AIM OF THE TASK: Set down a faithful copy of every record below, with no images.

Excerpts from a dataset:
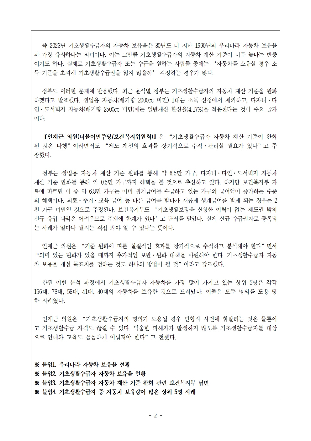 231009_[인재근의원실 보도자료] 기초생활수급자 12명이 겨우 자동차 1대 보유.hwp
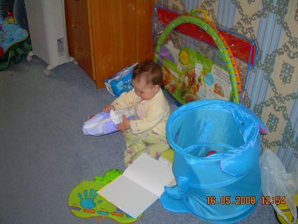 Пупс прелесть, уже проявляет самостоятельность, ну и что что сама не стоит - всему свое время.
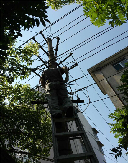 7月23日,原二公司生活基地由于供電線路嚴重老化,發生線路著火斷電事故,后勤綜合服務部接到險情報告后,立即組織搶修隊伍奔赴現場,維修人員不懼高溫酷暑,頂著烈日,經過幾個小時的高空作業,及時恢復了供電。
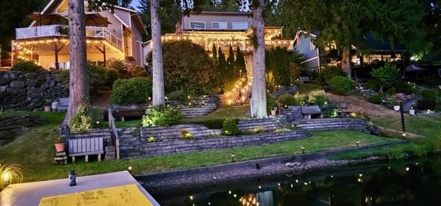 Perched over Whitman Lake, escape with a cold beverage on your large deck that makes you feel "within the trees." Surrounded by old growth cedars, watch as the resident bald eagles take turns diving into the lake for their lunchtime snack. Walk down the railroad tie stairs and through our "naturally" landscaped yard to find your private dock with a kayak that is free for guests. Whitman Lake is just ~45 min south of Tacoma and ~45 min north of MRNP... a perfect home base for your adventures.
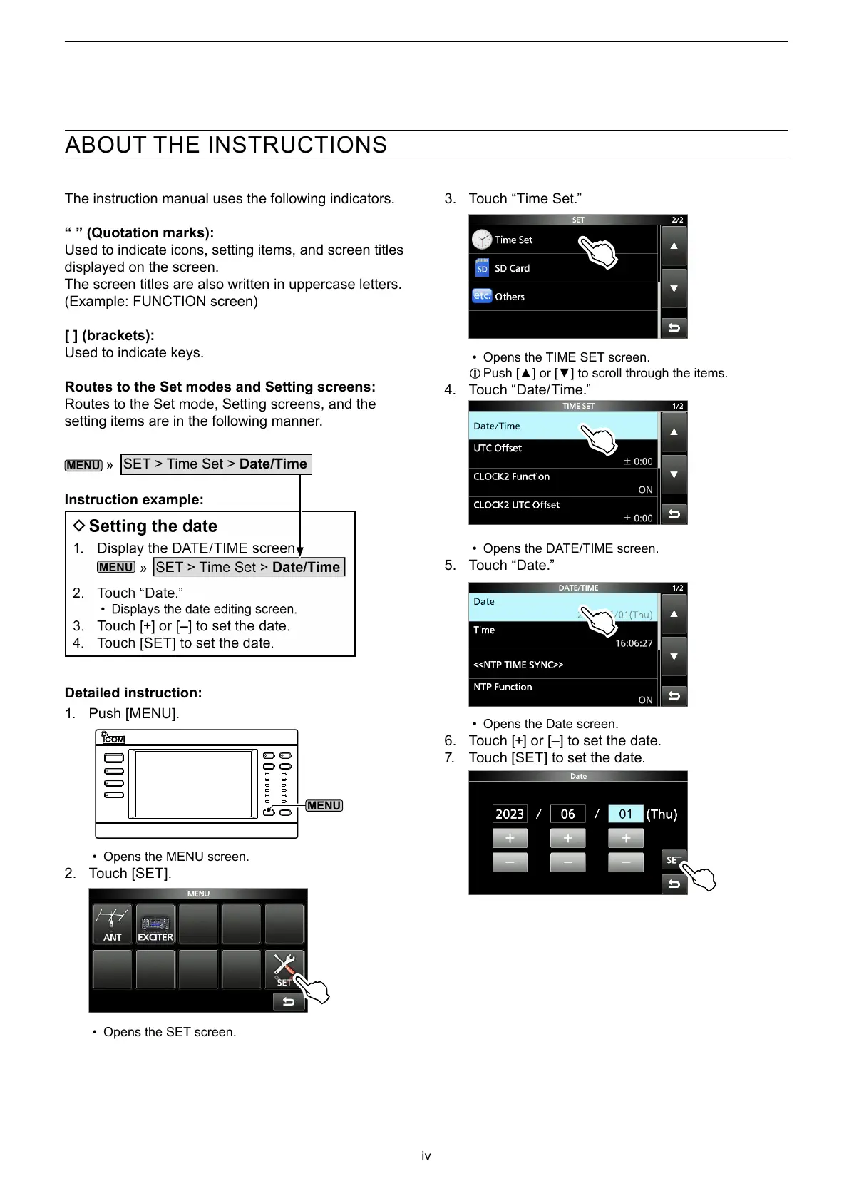 Routes to the Set modes and Setting screens:
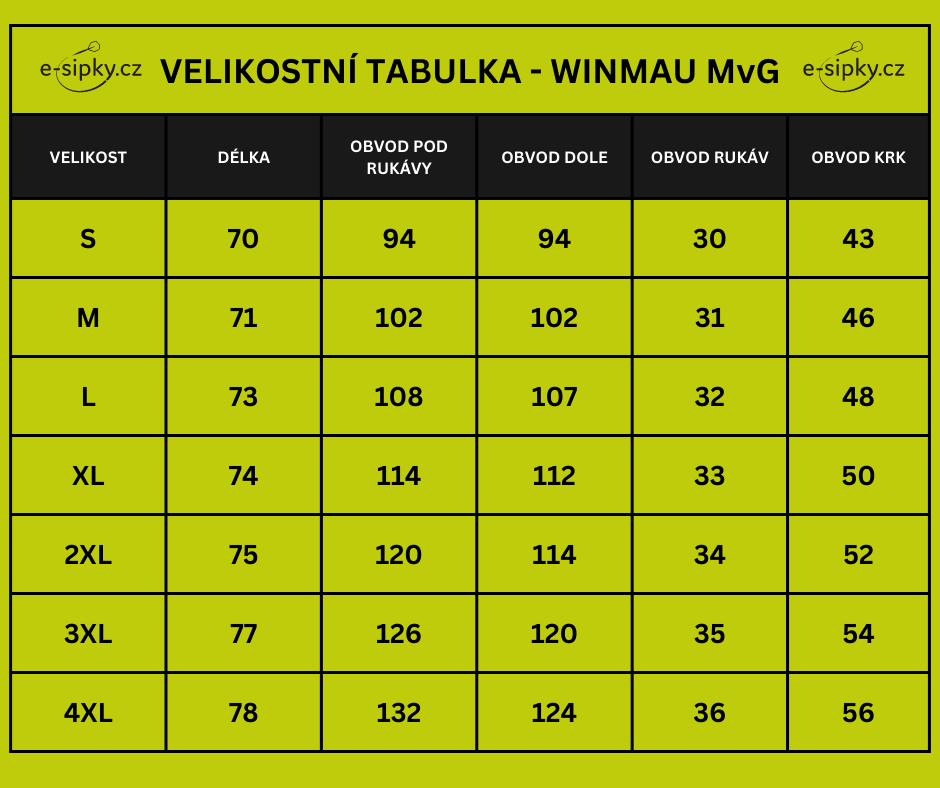 Košile je dostupná ve velikosti S, M, L, XL, 2XL, 3XL, 4XL.
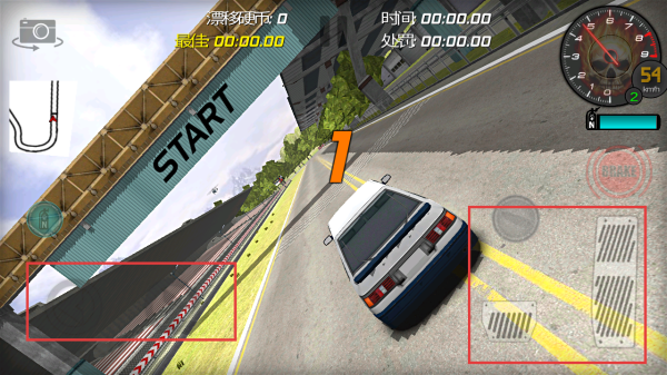 3、利用左侧操作区域控制车辆方向,利用右侧操作区域控制车辆前进刹车。

EXPECTED OUTPUT:
 231009_[인재근의원실 보도자료] 기초생활수급자 12명이 겨우 자동차 1대 보유.hwp
 Пупс прелесть, уже проявляет самостоятельность, ну и что что сама не стоит - всему свое время.
 7月23日,原二公司生活基地由于供電線路嚴重老化,發生線路著火斷電事故,后勤綜合服務部接到險情報告后,立即組織搶修隊伍奔赴現場,維修人員不懼高溫酷暑,頂著烈日,經過幾個小時的高空作業,及時恢復了供電。
 Perched over Whitman Lake, escape with a cold beverage on your large deck that makes you feel "within the trees." Surrounded by old growth cedars, watch as the resident bald eagles take turns diving into the lake for their lunchtime snack. Walk down the railroad tie stairs and through our "naturally" landscaped yard to find your private dock with a kayak that is free for guests. Whitman Lake is just ~45 min south of Tacoma and ~45 min north of MRNP... a perfect home base for your adventures.
 Routes to the Set modes and Setting screens:
 Košile je dostupná ve velikosti S, M, L, XL, 2XL, 3XL, 4XL.
 3、利用左侧操作区域控制车辆方向,利用右侧操作区域控制车辆前进刹车。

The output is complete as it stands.